Safe Water Systems are water quality interventions that employ simple, inexpensive and robust technologies appropriate for the developing world. The objective is to make water safe through disinfection and safe storage at the point of use. The basis of the intervention is:

Point-of-use treatment of contaminated water using sodium hypochlorite solution purchased locally and produced in the community from water and salt using an electrolytic cell;

Safe water storage in plastic containers with a narrow mouth, lid, and a spigot to prevent recontamination;

Behaviour change techniques, including social marketing, community mobilization, motivational interviewing, communication, and education, to increase awareness of the link between contaminated water and disease and the benefits of safe water, and to influence hygiene behaviours including the purchase and proper use of the water storage vessel and disinfectant.


Name: Safe Water Systems
Theme: Safe Water Management Region and Country: Maharashtra, India
Partners: Beneficiaries:
Funding Need: Budget:
Duration: Contact:

Programme Activities:
Water disinfection can be quite effective in managing soiled water and preventing the spread of disease. In Maharashtra, however, 44% of all households do not attempt to purify water at all, and of those that do, the most common method by far is to strain water through a cloth, which offers little or no disinfection of disease-causing agents. Only 18% of households (13% rural) boil or filter their water, and predictably, diarrhoea occurs much less frequently among these households than in those that do not boil or filter water. This disinfection can be conducted on a small scale at individual households using boiling, additives of certain chemicals, or solar disinfection. These disinfection methods allow families to disinfect small quantities of water that they will use soon after disinfecting it. However, families also need to understand how to then store the clean water, and disinfect large quantities of water.

This programme targets the need for a Safe Water System -- a project enabling households to disinfect and store essential quantities of household water in safe containers. This water quality intervention employs simple, inexpensive and robust technologies appropriate for the developing world. The objective is to make water safe through disinfection and safe storage at the point of use.

The basis of the intervention is:

1. Point of use treatment:
In order to disinfect large quantities of water, the chemical disinfectant that will be used must be available.
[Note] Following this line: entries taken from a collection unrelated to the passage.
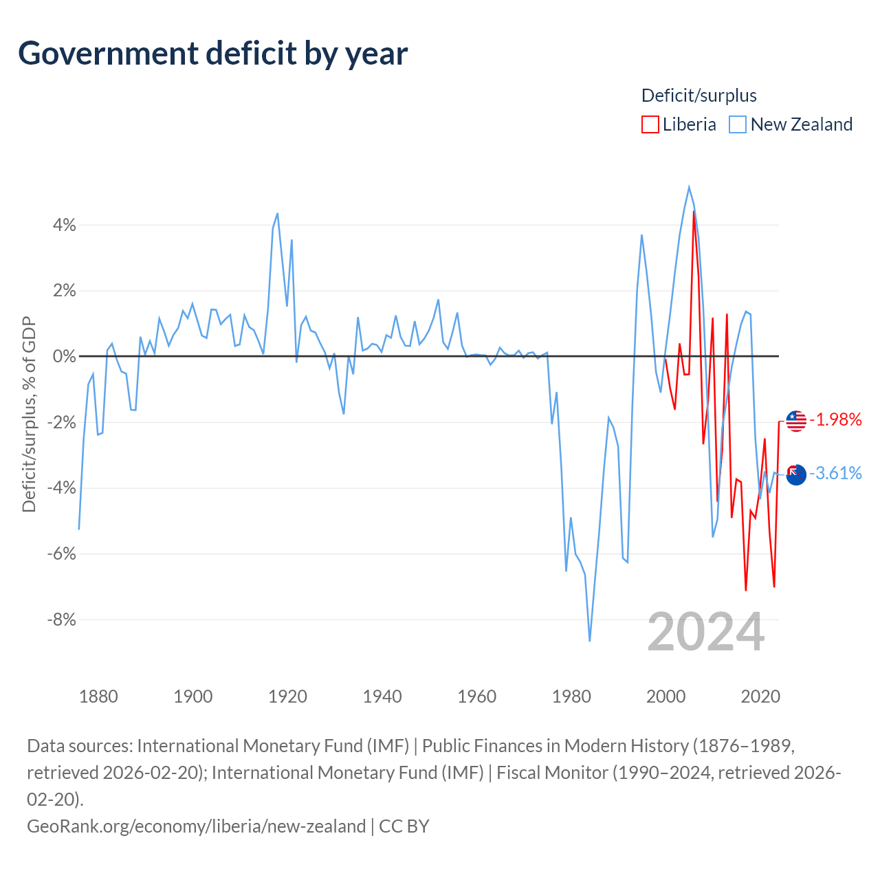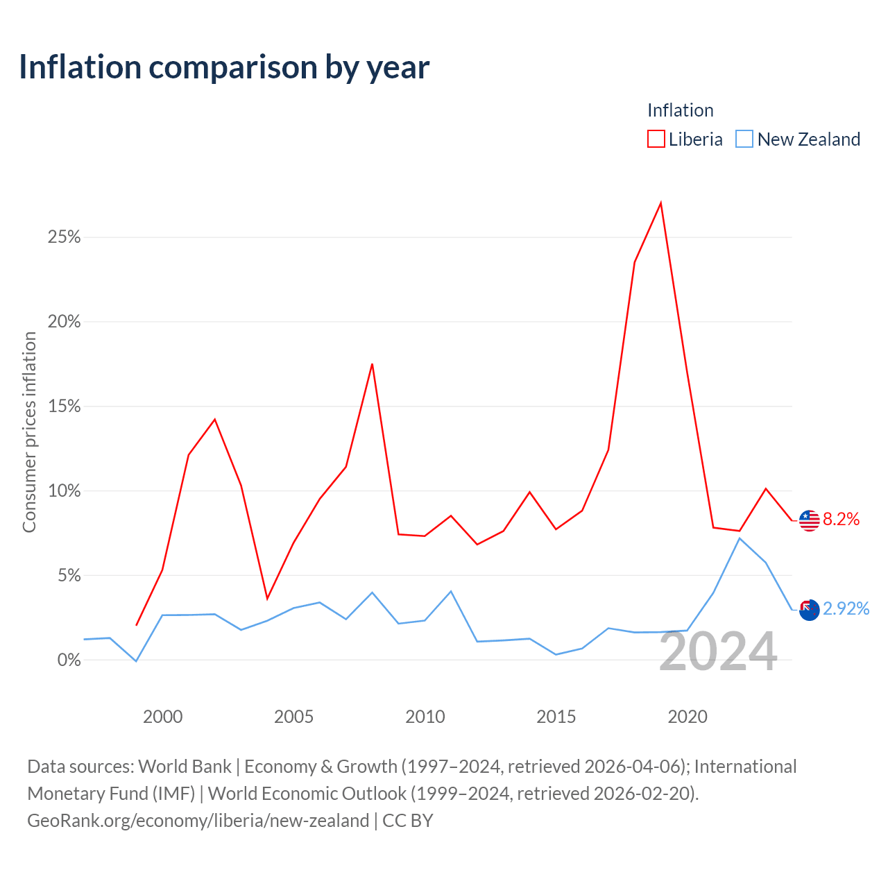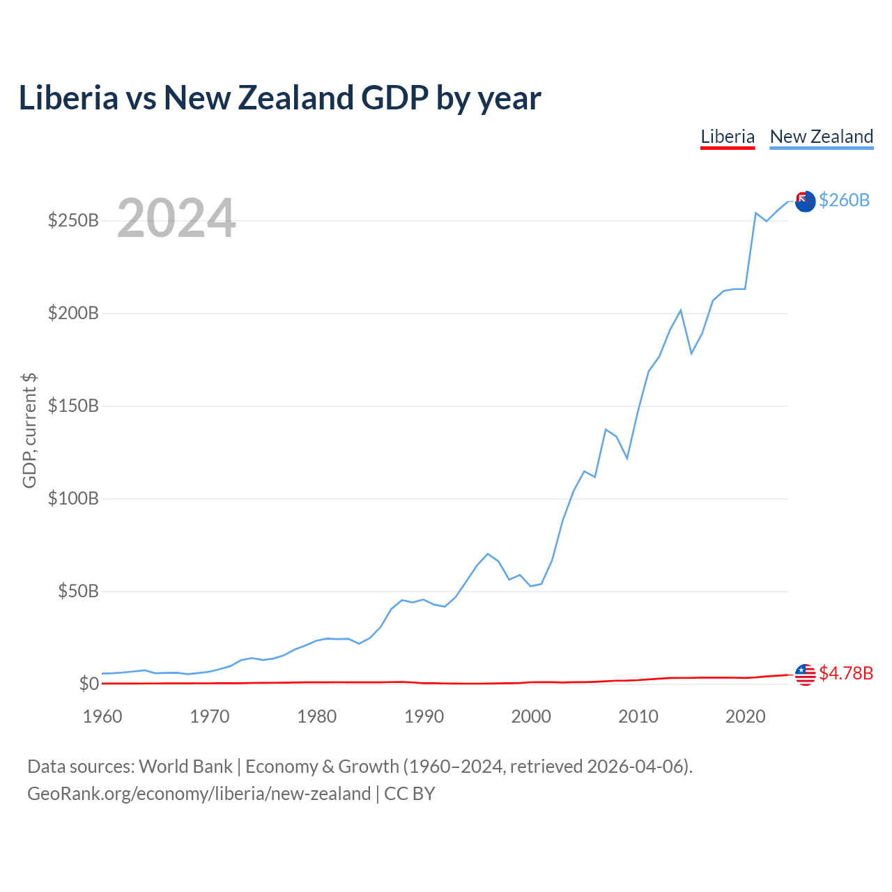 Liberia has a GDP of $4.78B compared to $260B for New Zealand, ranking 163/197 and 52/197 by economy size, respectively.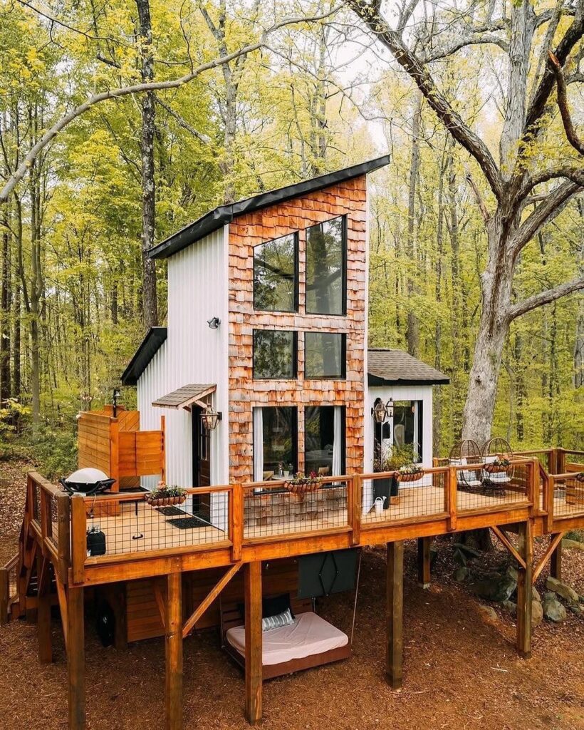 Nestled among towering trees and bathed in golden sunlight, this enchanting treehouse-style cabin offers a perfect blend of comfort and adventure. Elevated above the forest floor, it feels like a sanctuary suspended in nature. Its modern design—complete with large windows, warm wood tones, and cozy outdoor seating—invites you to slow down and breathe in the tranquility of the woods.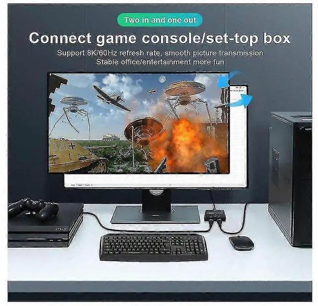 Experience seamless high-definition connectivity with the HDMI1215Y13 8K HDMI Switch/Splitter. This versatile device supports both switching and splitting modes, allowing you to connect two HDMI sources to one display or one source to two displays (note: simultaneous display not supported).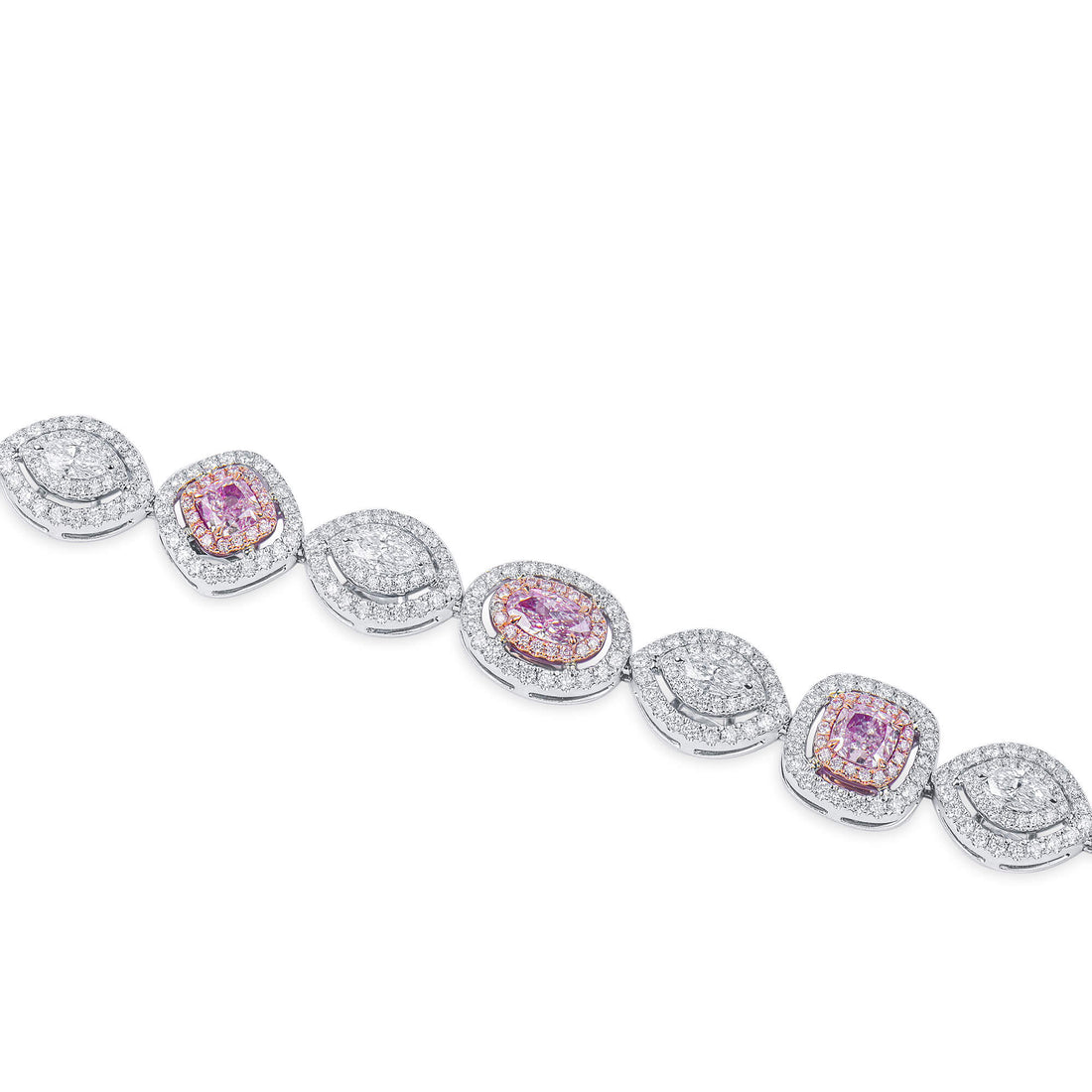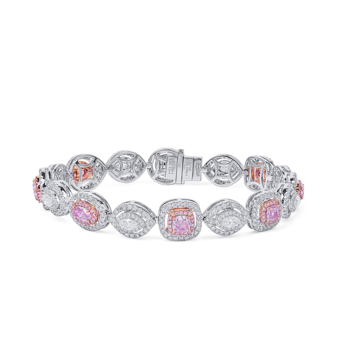 Natural Very Light Pink Diamond Bracelet 18K White & Rose Gold, Pear Shape, 6.58 Ct. TW

The first step is to decide on a disinfectant, and then choose a production method for the disinfectant. The disinfectant should kill or inactivate pathogens that are likely to be present in the water sources of the target population. This programme will promote the usage of sodium hypochlorite as the disinfectant. Demonstration projects have identified chlorine, specifically 0.5% to 1% sodium hypochlorite solution, as having the best overall characteristics for both production at the local level and convenient dosing for household water disinfection. It is also extremely inexpensive to produce, making it an affordable option for economically disadvantaged populations. Sodium hypochlorite solution at this concentration is also safe, with evidence that ingestion of sodium hypochlorite at 10 times greater concentration causes no lasting damage.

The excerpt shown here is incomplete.